Она читала долго, шевеля губами и, видно, перечитывая отдельные предложения. Процесс постижения смыслов как нельзя более выразительно отпечатывался на лице Веры Андреевны. Одолев пространный текст, она бросила листки на стол.
– Врут.
– Кто врёт? – не понял он. – Кто они?
– Да все они, все поголовно! – ничуть не смутившись, тут же отбилась супруга. – Каждое слово – ложь, чистейшей воды выдумка. Просто конец свой увидала и засуетилась. Разжалобить решила. Она его, видите ли, любила, а мама твоя ненавидела – ну прям как в сказке про рыбака и рыбу эту распрекрасную. Бред и только, кто ж в него поверит, – разве что сам же ты, доверчивая душа. Бабушку-старушку пожалел – своих проблем мало? У тебя вон тёща родная не сегодня-завтра такой же подержанной сделается, как эта Альбертовна твоя, так что будет о ком заботу проявить, если уж потребность такая у тебя завелась. Нет, ну скажи, ну как можно такому поверить, во всю эту хренотень, эту муть голубую типа «любит-не любит-плюнет-поцелует-к чёрту пошлёт»? Это ж чистый детский сад, мальцу несмышлёному и тому понятно, чего она, Анна твоя драгоценная, задумала. Пристроиться на готовенькое, а после расплатиться ничем, пустотой, спасибами одними.
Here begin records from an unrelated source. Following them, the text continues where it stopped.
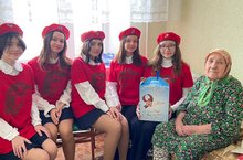 В преддверии этого большого праздника учащиеся 7б класса (руководитель Мухлисуллина Гульчачак Насимовна) доставили труженику тыла Сахаповой Рашиде Рауфовне поздравительные слова и праздничный гостинец от Президента Республики Татарстан Рустама Нургалиевича Минниханова.
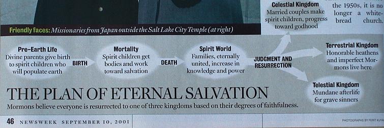 Der Plan der Errettung und von der Ewigkeit (s.o.) beinhaltet ein vorgeburtliches Leben, nach dem Tode folgt die Bewertung, die Verurteilung und eine Auferstehung in drei Varianten. Nur bei grossen, auf Erden erworbenen Verdiensten, erreicht man das Himmelreich. Elf Millionen Menschen bekennen sich derzeitig zu diesem Glauben, die Hälfte davon sind Amerikaner. In Europa sind die Mormonen besonders in Grossbritannien und Skandinavien vertreten. Dank intensiver Missionsarbeit haben sie besonders in der dritten Welt Zulauf und viele neue Anhänger. In der weltweiten Ökumenischen Bewegung arbeiten die Mormonen nicht mit. Das vor allem zeigt ihren 'Alleinvertretungsanspruch' für das Evangelium. Eine Minderheit von 10 bis 20% der Mormonen hat sich 1850 zur Vielehe bekannt. Das war offenbar ein sehr problematischer Tabubruch in einer christlichen Kirche. Deswegen haben sich die Mormonen in einer Proklamation 1890 offiziell von der Polygamie verabschiedet. Ein verschwindend kleiner Teil der Mormonen lebt immer noch in Polygamie, jetzt aber heimlich und rechtswidrig. Diese Praxis wird von Ihre Kirche offiziell nicht mehr unterstützt. Die moralischen Ansprüche der Mormonen kommen deutlich in der Proklamation DIE FAMILIE zum Ausdruck. Die Familie und die soziale Wohlfahrt stehen im Mittelpunkt ihres Lebens. Die Mormonen tolerieren andere Glaubensgemeinschaften, missionieren aber weltweit, um neue Mitglieder zu werben. Von den Sisters erhalte ich die 'Proklamation an die Welt' sogar in deutscher Sprache: Überschrift: DIE FAMILIE. Die Proklamation stammt aus dem Jahre 1995 und der Grundtenor lautet: Die Menschen sind das Abbild Gottes, die Ehe zwischen Mann und Frau ist von Gott verordnet, die Familie steht im Plan des Schöpfers im Mittelpunkt, Kinder zu haben ist das erste Gebot. Die Familie ist von Gott eingerichtet und sie beruht auf den Prinzipien: Glaube, Gebet, Umkehr, Vergebungsbereitschaft, gegenseitige Achtung, Liebe, Mitgefühl, Arbeit und sinnvolle Freizeitgestaltung (in dieser Reihenfolge). Gott hat es so vorgesehen, dass der Vater in Liebe und Rechtschaffenheit über die Familie präsidiert ... Die Mutter ist in erster Linie für das Umsorgen und die Erziehung der Kinder zuständig. Warnend wird darauf hingewiesen, dass jeder für die Verletzung der Bündnisse der Keuschheit, die Misshandlung des Ehepartners oder seiner Kinder und für die Verletzung familiärer Verpflichtungen eines Tages von Gott zur Rechenschaft gezogen wird. Der Zerfall der Familie wird Unheil über einzelne Menschen, die Gemeinwesen und die Nationen bringen, so wie es in alter und neuer Zeit von den Propheten vorhergesagt worden ist. (Wörtliche Zitate) Die Kirche der Mormonen ist straff und zentralistisch gegliedert und organisiert. Der jeweilige Präsident dieser Kirche gilt als Prophet und besitzt in religiösen Dingen die gleiche Unfehlbarkeit wie der Papst der Katholischen Kirche. Dem Präsidenten stehen zwölf Apostel zur Seite, die ihre Nachfolger selber bestimmen. Der ranghöchste Apostel übernimmt nach dem Tode des Präsidenten automatisch dessen Amt. Unter diesem zentralen Führungsgremium gibt es eine vielgliedrige, hierarchische Organisationsstruktur. Viele Gemeindemitglieder sind in die kirchliche Arbeit eingebunden. Die strategische Politik aber liegt fest in den Händen der zentralen Organisation. Nur das oberste Führungsgremium arbeitet hauptamtlich für die Kirche, alle anderen leisten ehrenamtliche Arbeit. Ein Klerus existiert bei den Mormonen nicht. Im Gegenteil. Jedes männliche Mitglied der Kirche wird mit 12 Jahren zum Priester geweiht. Den Frauen dagegen bleibt das Priesteramt in der Kirche verschlossen, sie sind Laien auf Lebenszeit. Sie können und sollen sich aber in vielfältiger Form in der Gemeinde betätigen und sind nicht ausschliesslich auf die Familie fixiert. Die Mormonen gehen inzwischen auch pragmatisch mit der Empfängnisverhütung und der Scheidung um. Seit 1978 können auch Black People Mitglieder dieser Kirche mit allen Rechten und Pflichten werden. |
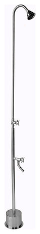 Free Standing Shower with stainless steel body Hose Bibb3" shower head with pivotal ball joint Chrome plated brass cross handle valveSingle supply for cold or mixed waterHeight: 82" 6" diameter baseComplete with installation hardware
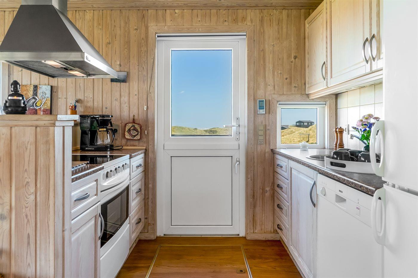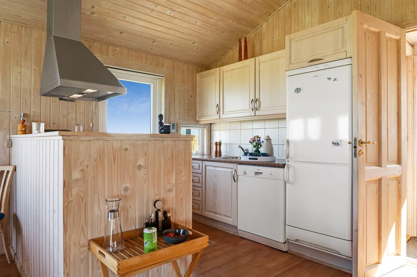 Køkkenet er udstyret med 1 køleskab. Der er 4 keramiske kogeplader, varmluftovn, mikrobølgeovn samt opvaskemaskine.

– Послушай, Вера, – едва сдерживая себя, обратился он к жене, – это ведь не она, это я предлагаю, она об этом – ни сном ни духом. Да и не поедет никуда, я уверен, у неё там отцовская могила. И вообще – всё, что осталось в этой жизни. Она порядочный человек, к тому же она умна, теперь это совершенно ясно.
– Ну вот и спроси свою умную: скажи, мол, не желаете ли в гости к нам на постоянно, Анна Альбертовна, а то у нас, понимаете, в семье дефицит имеется, за кем присмотреть перед скорой коматозкой. И сразу после неё.
Действительно, получалось несколько глуповато: наряду с объективной странностью своего не слишком разумного предложения, он, сын покойного отца и пасынок здравствующей мачехи, временно ослеплённый переделом семейной истории, совсем не подумал о вещах вполне бытовых. О том, например, что живут они в коммуналке, что сам он спит и внеурочно трудится в одном и том же малоприспособленном для полноценной работы пространстве. И что, кроме одинокой вдовы из Свердловска, у него, между прочим, имеется семья, которая, если что, в упор не воспримет ещё одну подселенку в качестве полноправной семейной единицы.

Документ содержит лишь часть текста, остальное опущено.